How can I generate a random number within the smart contract without external oracles. Maybe based on the block number or is there any other element that can be used for that?

2 Answers 2


There are some approaches on GitHub, this one looks promising and seems, as you have suggested, to rely on the block timestamp to generate random numbers:


The contract itself is rather simple (although I cannot estimate how expensive its execution is):

pragma solidity ^0.4.4;

contract Random {
  uint64 _seed = 0;

  // return a pseudo random number between lower and upper bounds
  // given the number of previous blocks it should hash.
  function random(uint64 upper) public returns (uint64 randomNumber) {
    _seed = uint64(sha3(sha3(block.blockhash(block.number), _seed), now));
    return _seed % upper;
  • This appears to be the block hash, which isn't ideal but it's better than the block timestamp, which can be manipulated by the miner at no cost. Commented Dec 6, 2017 at 11:38
  • I think it is not just the block hash. They are also having a call to now, which should be the same as block.timestamp.
    – user11075
    Commented Dec 6, 2017 at 12:13
  • Sorry, yes, you're right, I missed that. This is a bad idea, they'd be safer with just the block hash. Commented Dec 6, 2017 at 12:42
  • 1
    I agree with you, and in a way also the maintainers of the Repo agree: "Firstly, the block timestamp is not terribly unpredictable and yet it's one of the strongest sources of entropy available in the blockchain along with contract's internal seed [..] If security is a main focus, it may be best to look into purchasing an oracle solution"
    – user11075
    Commented Dec 6, 2017 at 12:49
  • block.blockhash(block.number) always returns 0x0 so it doesn't add any randomness. blog.positive.com/… Commented Feb 21, 2018 at 15:41

You probably shouldn't do this

By default, just don't.

Why you shouldn't

Using on-chain data (eg. the block number) as entropy to generate a random number gives an advantage to miners. For example, a miner can decide to not integrate a transaction to its next wanna-be block, because the outcome is not in its favor. The transaction will be integrated later in another block, thus leading to a second chance for the miner.
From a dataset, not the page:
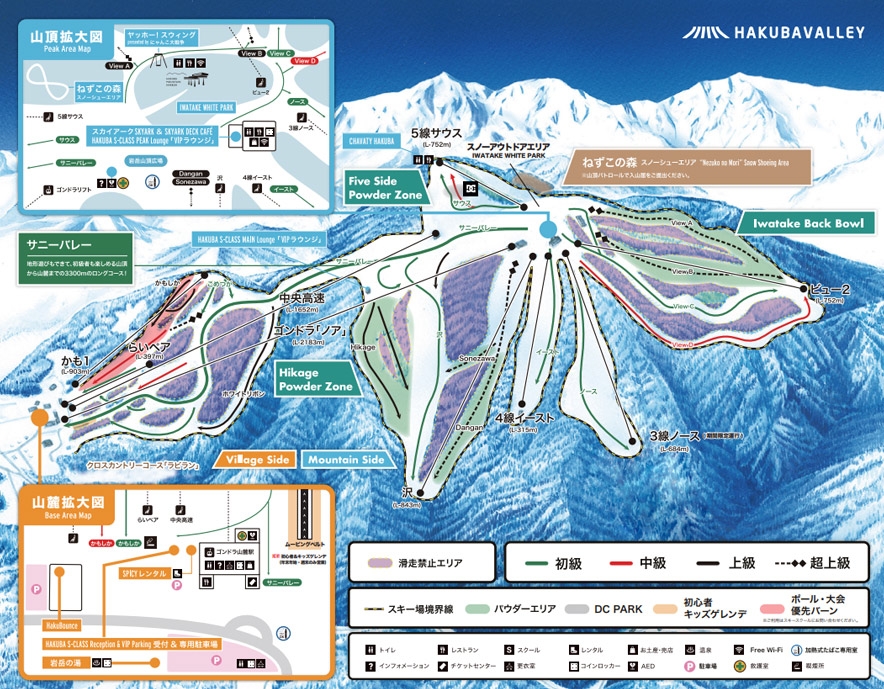 - 標高:白馬五竜:1,676m/Hakuba47:1,614m / 最大斜度:白馬五竜:35度/Hakuba47:32度 / 最長滑走距離:白馬五竜:5,000m/Hakuba47:6,400m

There are other examples of how such procedure can be broken.

When it might be okay

To quote this answer:

As a general rule, BLOCKHASH can only be safely used for a random number if the total amount of value resting on the quality of that randomness is lower than what a miner earns by mining a single block.

In other words, random number generation without external calls can only be used for low stake applications.